Uber Technologies Inc. has completed a new round of funding that values the five-year-old ride-hailing company at close to $51 billion, according to people familiar with the matter, equaling Facebook Inc. ’s record for a private, venture-backed startup.

Uber raised close to $1 billion in the round, one of the people said, bringing the San Francisco company’s total funding to more than $5 billion. Uber had briefed investors on a plan to raise between $1.5 billion and $2 billion in the round, The Wall Street Journal reported in May.

Investors in the latest round include Microsoft Corp. and the investment arm of Indian media conglomerate Bennett Coleman & Co., another person familiar with the matter said, as Uber seeks to bolster its technology and expand outside the U.S.
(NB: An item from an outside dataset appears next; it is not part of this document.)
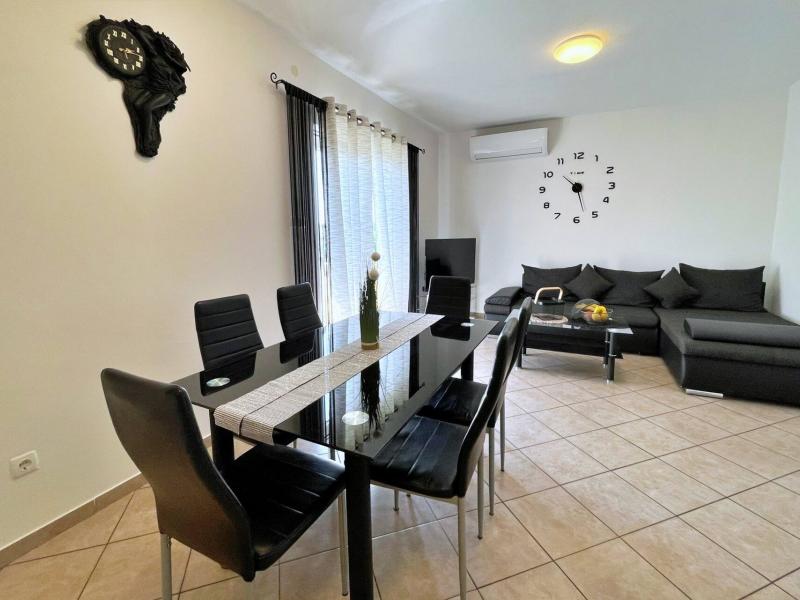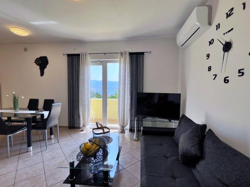 Beautiful view from the balcony, welcoming and friendly owners, perfect parking, quiet location, large courtyard. For us, a group of five, this is a spacious and nicely furnished apartment with good amenities and plenty of living space. The kitchen is very well equipped, and the balcony is a good size. The panoramic sea view is, of course, the highlight. German TV, Wi-Fi, air conditioning, and utilities are all included in the price. Although pets are allowed, there is neither pet hair nor any smell :) Good location for further excursions.

An Uber spokeswoman said the company had filed a document in Delaware in May to authorize the latest funding round. “We aren’t commenting on additional speculation,” the spokeswoman said Friday.

Microsoft declined to comment. A Bennett Coleman executive didn't immediately respond to a request for comment.

Uber’s valuation has now reached the high-water mark set by Facebook in 2011, when the social-networking company was nearly seven years old.

The ride-hailing company also is more highly valued relative to its revenue than Facebook was. At the time of its $50 billion round, Facebook had generated roughly $2 billion in revenue in the previous 12 months.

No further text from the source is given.